If you didn't see it, here's what my fellow blogger Jan wrote:
I have gotten so much grief from some for using the term "give up". However, I prefer either "give up" or "relinquish". "Give up" - that is how it felt to me. The term "place" thankfully did not exist in my era.
"Placing" sounds like such a logical, reasoned and positive decision. I do not believe that to usually be the case. "Placing" tries to sound less harsh, but, I think the reality of giving your child to others to raise IS harsh. I would rather us be honest and not try to "pretty up" the terminology to make the decision better than it really is.

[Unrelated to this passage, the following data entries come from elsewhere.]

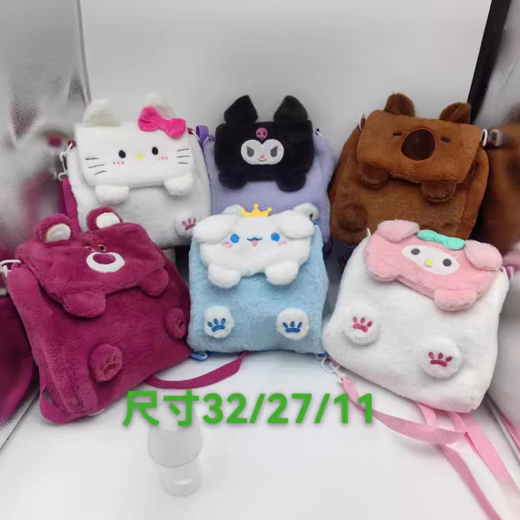 海外貿易向けサンリオキャラクターぬいぐるみバッグ、キュートなクロミの斜め掛けバッグ、子供用多用途カピバラ小銭入れ、女性用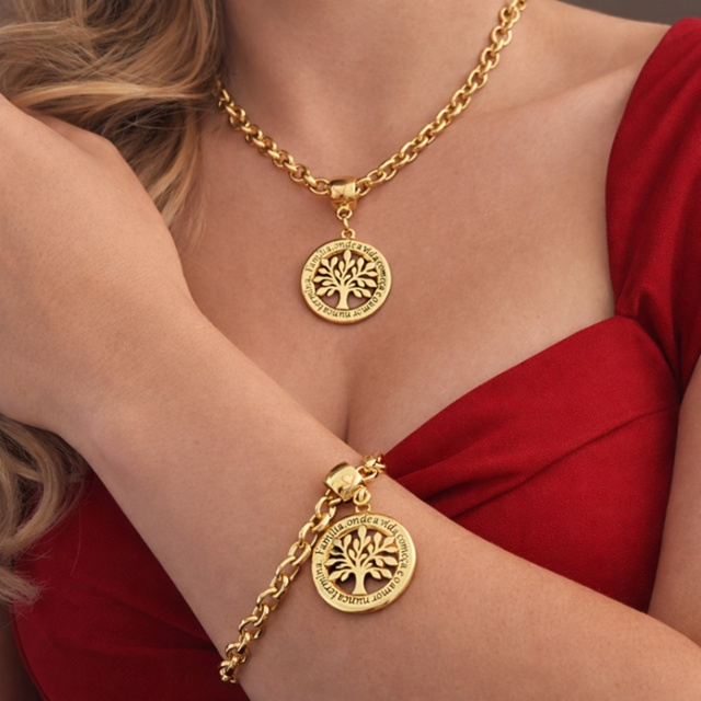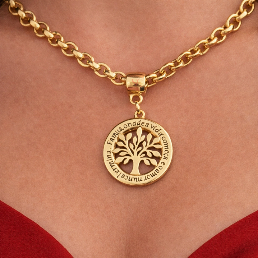 Colar Banhado e Pulseira elo português arvore da vida conjunto feminino cod.01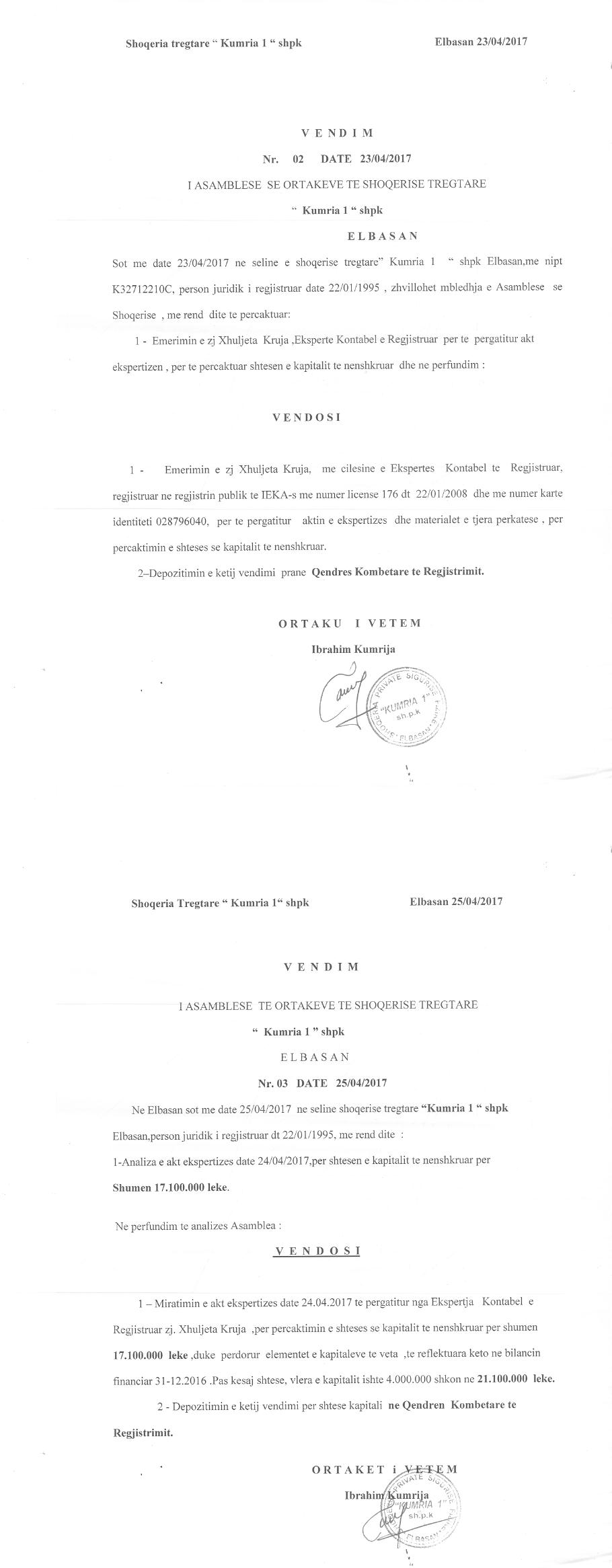 → Ekstrakt historik i regjistrit tregtar 28.05.2021 → Akti i themelimit dhe statuti → Vendimi i asamblese se ortakeve per miratimin e akt-ekspertizes per shtimin e kapitalit 25.04.2017 |

A lot of people, especially adoption workers, do say "place." I say it myself from time to time, but I'm never entirely happy with this term. When you think about it, "placing" really is a wimpy, inadequate word. "I placed my baby for adoption" makes the child sound like an inanimate object, a football, some thing you pass from one person to another. It’s also too impersonal--far too bloodless for this deepest and most cutting of decisions.
"Place" doesn’t take into account the sobbing, the heartsickness, the fear or the bottomless loss.
When talking to my son, I try to say "entrust" rather than "give up," because I don't want him to get the idea I ever gave up on
him. (He’s a very smart kid, so he understands the word and what it means when I say “I entrusted you to another family.”)
I also like to say "entrust" with the public to try to get them away from the all-too-common belief that birthmothers are heartless women who never wanted their babies in the first place. "Entrust" also helps people understand all the thought and agonizing care that went into making the decision.
But no matter which way you try to slice it, relinquishing is very definitely a giving up. It’s a defeat by forces bigger than you, and a surrender to those forces. It’s the point at which you say, “I don’t think I can do this,” or “I don’t think I should try this,” or “No one will help me do this.”
Many in the adoption community want to change the way we talk about relinquishment. They advocate using “positive adoption language” that makes things sound prettier. They’d like to see everyone in the world stop saying “give up a baby for adoption.”
But the general public isn’t complying, and probably never will. I think the average Joe is on to something by continuing to call it "giving up" a baby. We in the adoption world have good reasons for wanting to soften up the reality, but the cold hard fact is that for the expectant parents, adoption
is a surrender.
Unless you are one of those rare birthmothers who feels 100% in control of and empowered by her decision and the resulting consequences, “giving up” is the most accurate term.